John Fleer, Lonesome Valley, Cashiers, N.C.
John Currence, City Grocery, Oxford, Miss.
Lee Richardson, Capital Hotel, Little Rock, Ark.
Linton Hopkins, Restaurant Eugene, Atlanta
Kelly English, Restaurant Iris, Memphis
Nick Seabergh, Giardina's, Greenwood
David Gaus, Washington, D.C., based pastry chef
You may recognize Fleer as the executive chef of Blackberry Farm for almost 15 years, a tenure during which he elevated the resort and its menus to five-star status and achieved loud acclaim for himself. After a few years off to recharge his batteries, Chef Fleer has opened his own culinary playground in North Carolina where diners can enjoy his playful takes on Southern fare at the Canyon Kitchen.
Currence was named the 2009 James Beard Award winner as best chef in the South for his innovative work at Oxford's City Grocery.
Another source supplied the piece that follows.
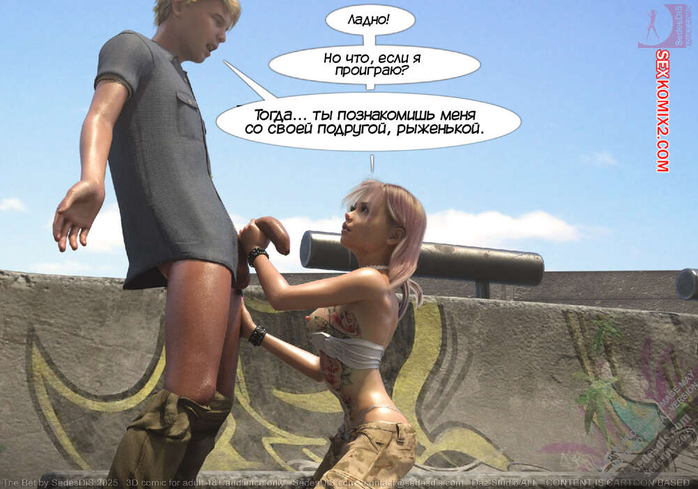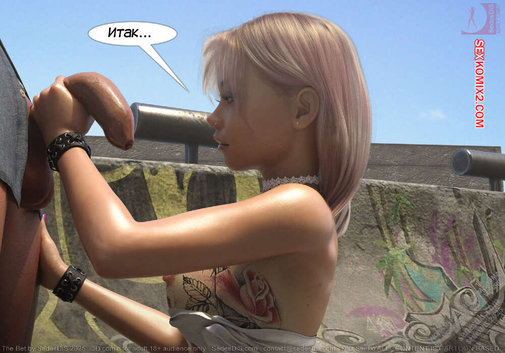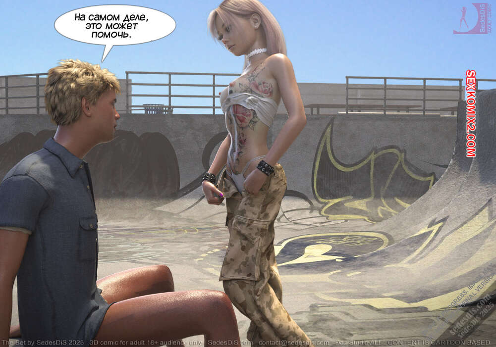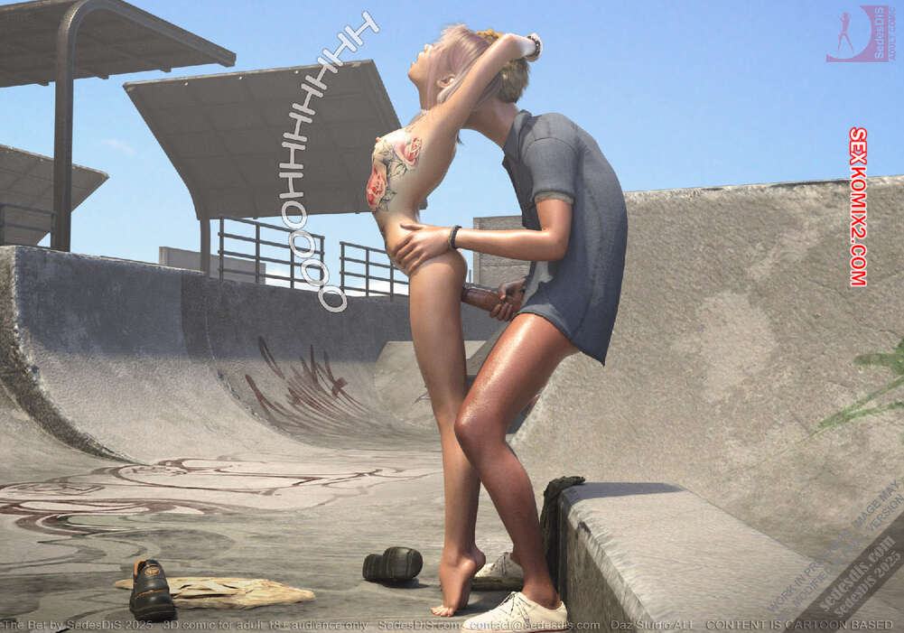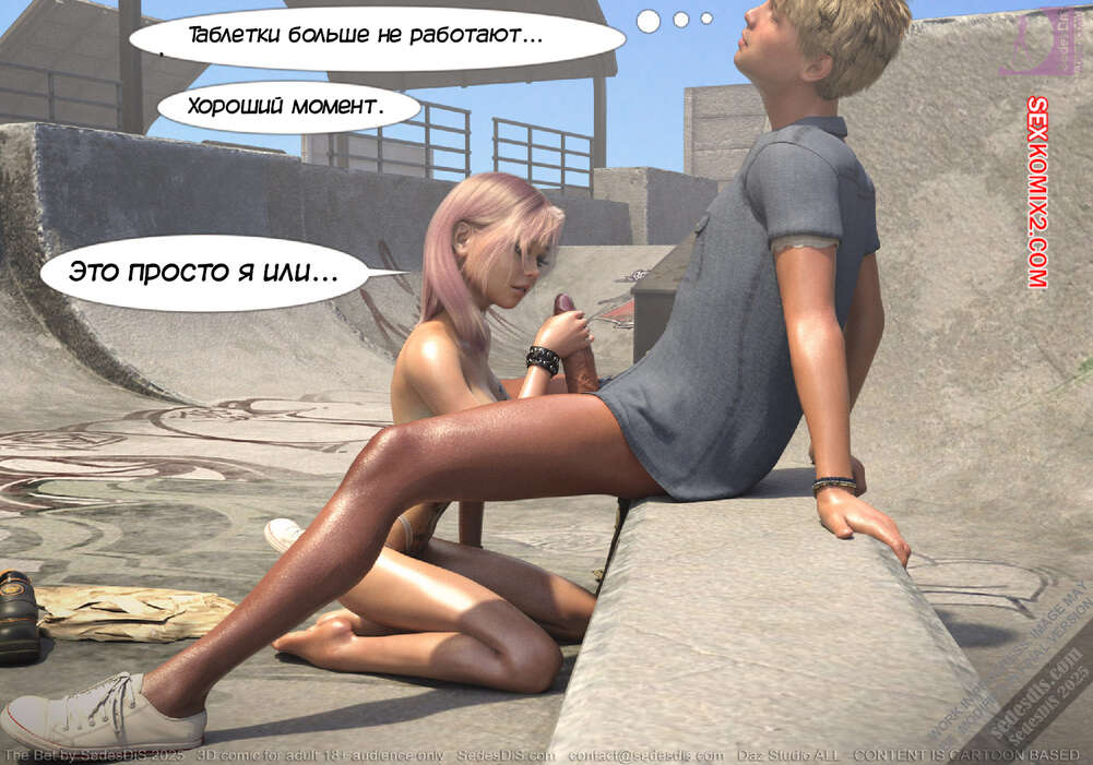 Порно комикс Ставка. The Bet. SedesDiS Горячая блондинка пришла на спортивную площадку, чтобы покататься на скейте. Там она застала своего дружка Питер без настроения и решила выяснить что у него случилось.

With a menu of Southern food grounded in French cuisine, Chef Currence always brings the flavors, and we're lucky he's bringing them to Nashville.
Richardson of Little Rock's Capital Hotel has worked with Emeril Lagasse and John Besh while he developed his own interpretations of fine Creole dining. He's a Katrina refugee who never forgot about home, and New Orleans' loss is Little Rock's gain.
Hopkins ensures that Atlanta's Restaurant Eugene feeds diners exciting meals created using all house-made ingredients that have been locally sourced. His commitment to artisanal cooking has made Chef Hopkins a favorite in the Atlanta restaurant scene.
Chef English of Restaurant Iris in Memphis is also a former student of Besh. His menu concentrates on seafood cooked New Orleans-style and has earned great acclaim since the restuarant opened last year in the space of the former La Tourelle.
Seabergh cooks at Giardina's Italian Restaurant in Greenwood. He describes his style as "Mississippi Delta-centric Italian-American food." Like the millions of people who spent $400 on an iPad just to figure out what the heck it was, Chef Seabergh's enigmatic description of his cuisine should be enough to get you excited come try out his offerings.
Finally, Gaus was the former executive pastry chef at Acadiana and Passion Food Hospitality in Washington, D.C. Known as the master of the propane torch, Chef Guas promises to bring some inventive pastries to the party.
A ticket to Taking Nashville's Table to Higher Ground isn't a cheap ticket at $155 per diner, but when you consider the cause and the calibre of the presenting chefs, it should be a magnificent event. As usual, I greedily bought my ticket before I let the whole world know about it, but you can get yours here. See you there!